We also notice there are quite a few apps built around the book Quran, which suggests that building an app around a popular book can be profitable. It seems that taking a popular book (perhaps a more recent book) and turning it into an app could be profitable for both the Google Play and the App Store markets.

However, it looks like the market is already full of libraries, so we need to add some special features besides the raw version of the book. This might include daily quotes from the book, an audio version of the book, quizzes on the book, a forum where people can discuss the book, etc.

Conclusions
In this project, we analyzed data about the App Store and Google Play mobile apps with the goal of recommending an app profile that can be profitable for both markets.

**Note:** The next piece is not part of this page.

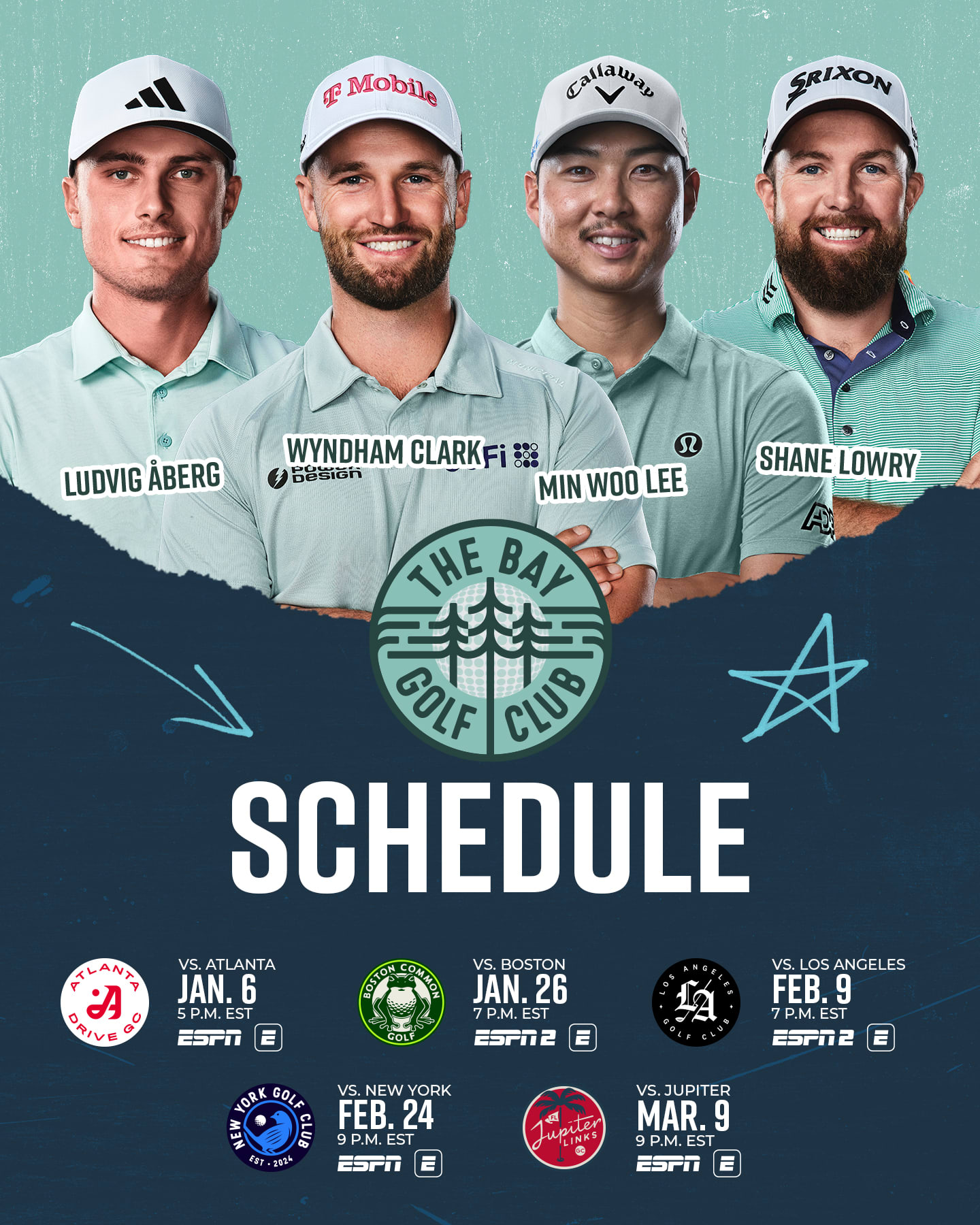The Bay will also compete in the final match of the upcoming regular season March 3 against Jupiter Links Golf Club, with Jupiter looking to bounce back after finishing fifth in the SoFi Cup Standings to miss the playoffs a year ago.

We concluded that taking a popular book (perhaps a more recent book) and turning it into an app could be profitable for both the Google Play and the App Store markets. The markets are already full of libraries, so we need to add some special features besides the raw version of the book. This might include daily quotes from the book, an audio version of the book, quizzes on the book, a forum where people can discuss the book, etc.